Al otro día se duplicaban las faenas: recoger por la tarde lo segado la víspera, y segar y curar otro tanto para recogerlo el día siguiente; y con este motivo, más obreros y más impedimenta y doblada actividad en el Berrugo, cuya correa daba para cuanto fuera menester. Con la comida en la boca y la rastrilla al hombro, tras una mañana sin sosiego, á la mies con el primer carro, que era uno de los suyos; y allí, mientras se cargaba este carro y llegaba el segundo y comenzaba á cargar, atropa y fisgonea y punza y acribilla al lucero del alba. Cargado el primer carro, á casa detrás de él aguantando sus bamboleos con la rastrilla y recogiendo las yerbas que se caen ó quedan enredadas en los bardales. Ya en el corralón y descargándose el carro, á ratos atropaba también la yerba desparramada en el suelo; á ratos gateaba por la escalera del pajar para ayudar al de adentro á desatascar el boquerón que atascaba el descargador del carro; á reñir al «gandul» que se dejaba ahogar de aquel modo; y por último, y con un rodeo fatigoso por cuadras, escaleras y pasadizos, á atisbar por un ventanillo del granero, que comunicaba con el pajar, á la gente moza que acaldaba la gran pila, medio á obscuras, porque no había allí otra luz que la que se filtraba por las tejas y la lata podrida del tejado, y la intermitente y baja que se colaba por el boquerón de la payeta, casi siempre obstruído. Y si columbraba retozos, y si descubría zancadillas, ¡Cristo mío, qué cuchilladas de lengua tiraba desde aquel escondrijo, y cómo le temblaban de frío las carnes al mozo que más sudara en aquel oloroso y blando quemadero!
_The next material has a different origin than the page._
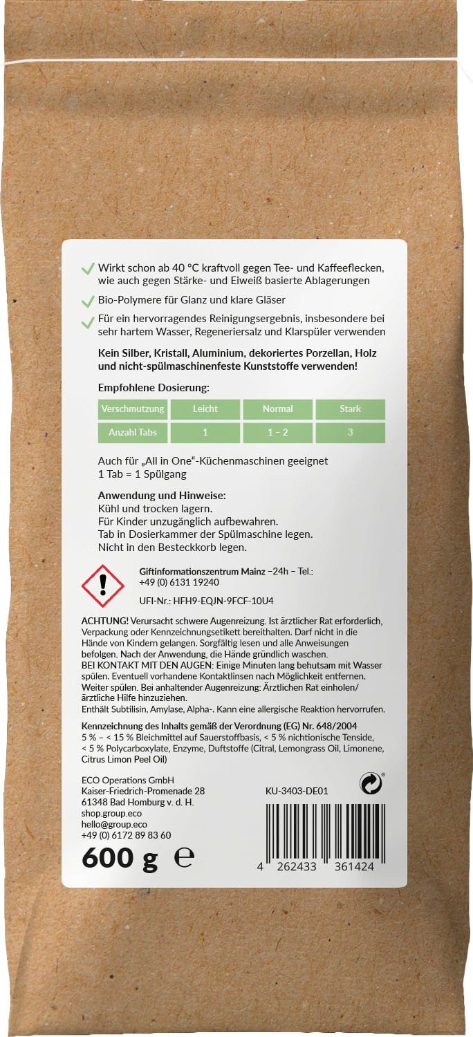 Die Geschirrtabs in der kompakten Größe werden auf Basis von natürlichen Inhaltsstoffen formuliert und bieten in konzentrierter Form dieselbe Reinigungsleistung von großen Tabs, bei weniger Platzverbrauch im Schrank. Außerdem sind sie in Papier verpackt und kommen gänzlich ohne PVA-Folie aus. Für strahlend sauberes Geschirr - auch bei hartnäckiger Verschmutzung.

Y así toda la tarde. Por la noche, lo mismo que en la anterior, con la sola diferencia de haberse alargado la mesa y añadido una tartera más de bacalao podrido ó de carne corrompida, en virtud del aumento de comensales: igual entraba y salía y rondaba la mesa, y ponderaba los manjares y zahería al más voraz ó al menos escrupuloso.
¡Y con llevarse semana y media de este modo, es decir, sin cerrar boca ni parar un punto, comiendo mal y durmiendo peor, no se rendía aquel cuerpo que parecía nutrirse de la fatiga y del hambre y del cansancio de los demás! Y si por remate del ajetreo le resultaba un carro de yerba más de los calculados antes de la siega, hasta se remozaba el indino.
Pues á lo que íbamos rato hace: el «boquible» de aquel año se compuso del bacalao de siempre y de una cabra con úlceras y papera.